The UAE tackled the challenge in three waves. First, it successfully attracted leading technology companies by cutting its corporate tax rate to zero. Smaller tech companies followed with UAE operations. Second, it launched an initiative to attract talent with the skills needed by industries targeted by the government, such as agriculture technology. For the longer term, the government encouraged leading international universities to establish local campuses to attract top students and encourage the children of the current workers to remain in the UAE for their higher education.
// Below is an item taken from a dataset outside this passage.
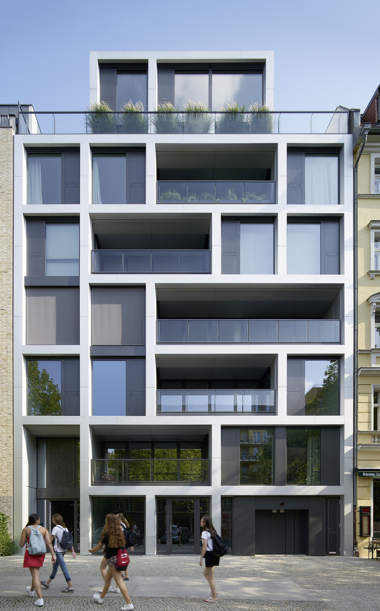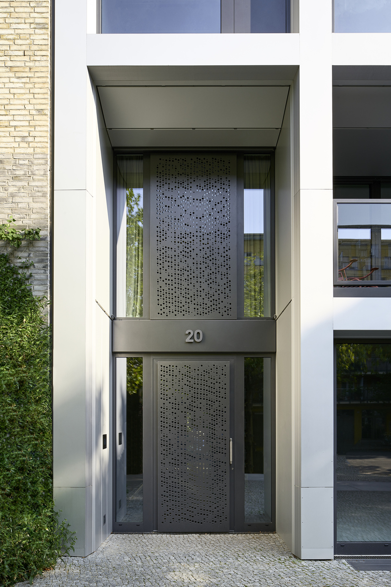 In den 8 Geschossen über Niveau finden sich 6 Wohnungen – zum Teil als Maisonette-, zum Teil als Etagenwohnung konzipiert – mit Flächen zwischen gut 120 und gut 180 Quadratmetern. Die beiden obersten Geschosse liegen über der Traufkante und sind nach der Art eines Penthauses gestaltet; davor erstreckt sich ein breiter Balkonstreifen. Ein Gartenhaus hinter dem Vorderhaus bietet 2 weitere Wohnungen.
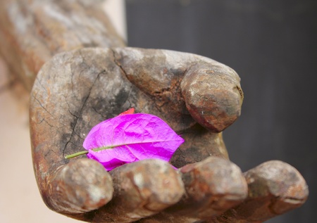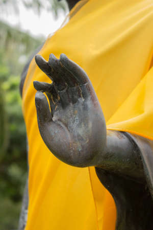 Aged time-worn hand of bronze Buddha statue in the temple.

Third, the UAE attracted tech entrepreneurs. Among other initiatives, it established incubators such as Dubai’s Area 2071 and recruited venture capital firms from around the world to establish local offices. To address the problem of high living costs, the UAE offers select startups office space with two years of free rent, and it provides health insurance for employees. It also has made it easier for incoming talent to attain work visas.

Yes, the competition for global digital talent is intensifying. But even cities and regions that are relatively new to the game can develop dynamic technology hubs. What’s required is a sound strategic plan that builds on local strengths, leverages anchor companies, deploys the right combination of policy tools, and maintains a healthy balance between the demand for skills and supply. Communities that execute the playbook we’ve just outlined can nurture hubs that will, in time, become magnets of talent, investment, and enterprises that promise to drive innovation-led growth.